_Activity_
Set down, please, exactly the lines below that run from the line with "3-4 Sleeved Long" to the line with "- Scratching Surfaces: Multiple", both lines included.

_Stored data_
----------------------------------------
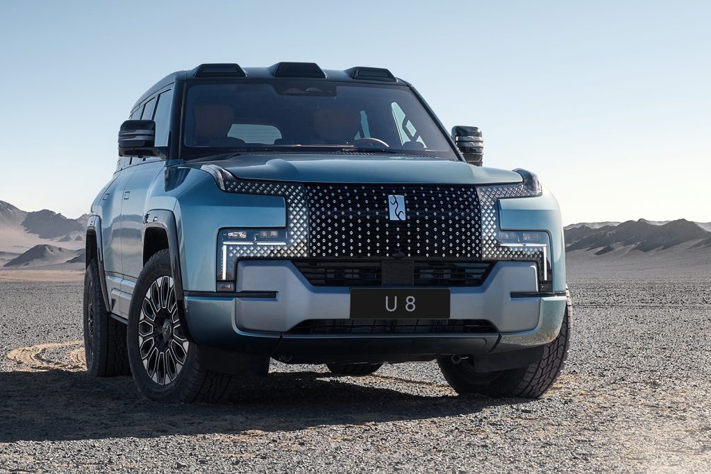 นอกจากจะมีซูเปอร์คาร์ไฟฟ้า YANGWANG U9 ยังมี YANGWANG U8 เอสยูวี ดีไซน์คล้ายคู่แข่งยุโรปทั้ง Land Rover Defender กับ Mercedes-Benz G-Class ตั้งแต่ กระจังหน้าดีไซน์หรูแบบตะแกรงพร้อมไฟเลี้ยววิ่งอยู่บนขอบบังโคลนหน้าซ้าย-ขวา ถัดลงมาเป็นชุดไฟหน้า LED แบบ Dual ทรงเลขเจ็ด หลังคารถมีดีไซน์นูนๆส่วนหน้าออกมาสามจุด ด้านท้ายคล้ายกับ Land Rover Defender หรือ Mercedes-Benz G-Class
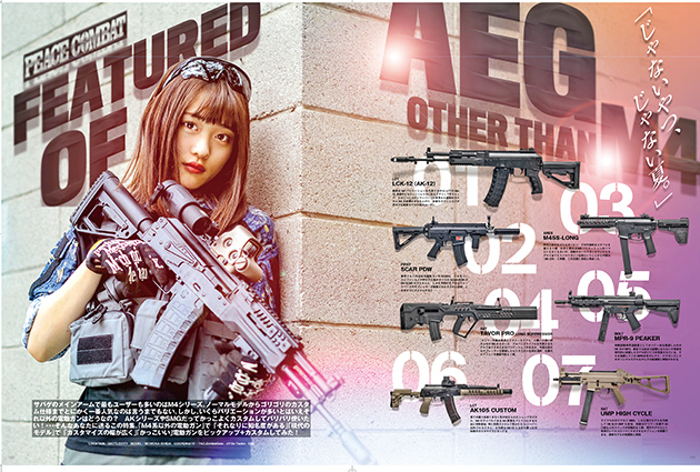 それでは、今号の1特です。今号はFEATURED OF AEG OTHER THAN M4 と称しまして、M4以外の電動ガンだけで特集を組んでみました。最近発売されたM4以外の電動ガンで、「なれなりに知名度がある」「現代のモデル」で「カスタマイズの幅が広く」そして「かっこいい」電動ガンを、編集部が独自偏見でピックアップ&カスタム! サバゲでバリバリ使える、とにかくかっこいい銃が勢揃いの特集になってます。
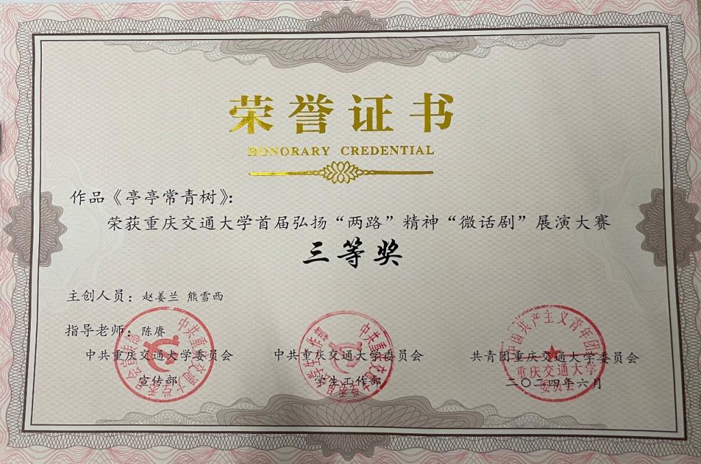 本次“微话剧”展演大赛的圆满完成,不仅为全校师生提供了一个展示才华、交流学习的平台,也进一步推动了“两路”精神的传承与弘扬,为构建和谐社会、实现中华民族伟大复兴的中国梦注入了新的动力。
----------------------------------------
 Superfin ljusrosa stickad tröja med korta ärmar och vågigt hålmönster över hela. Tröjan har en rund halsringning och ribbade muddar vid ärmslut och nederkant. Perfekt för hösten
----------------------------------------
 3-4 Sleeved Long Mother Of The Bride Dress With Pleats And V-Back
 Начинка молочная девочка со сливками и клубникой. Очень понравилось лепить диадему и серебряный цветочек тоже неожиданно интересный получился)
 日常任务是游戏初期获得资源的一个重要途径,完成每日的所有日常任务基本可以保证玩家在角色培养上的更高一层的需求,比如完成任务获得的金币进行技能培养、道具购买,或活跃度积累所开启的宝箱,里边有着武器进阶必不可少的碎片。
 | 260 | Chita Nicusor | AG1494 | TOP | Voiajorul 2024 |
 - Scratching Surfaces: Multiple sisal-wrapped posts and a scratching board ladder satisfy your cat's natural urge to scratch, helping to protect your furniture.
----------------------------------------
_Answer for the task_
 3-4 Sleeved Long Mother Of The Bride Dress With Pleats And V-Back
 Начинка молочная девочка со сливками и клубникой. Очень понравилось лепить диадему и серебряный цветочек тоже неожиданно интересный получился)
 日常任务是游戏初期获得资源的一个重要途径,完成每日的所有日常任务基本可以保证玩家在角色培养上的更高一层的需求,比如完成任务获得的金币进行技能培养、道具购买,或活跃度积累所开启的宝箱,里边有着武器进阶必不可少的碎片。
 | 260 | Chita Nicusor | AG1494 | TOP | Voiajorul 2024 |
 - Scratching Surfaces: Multiple sisal-wrapped posts and a scratching board ladder satisfy your cat's natural urge to scratch, helping to protect your furniture.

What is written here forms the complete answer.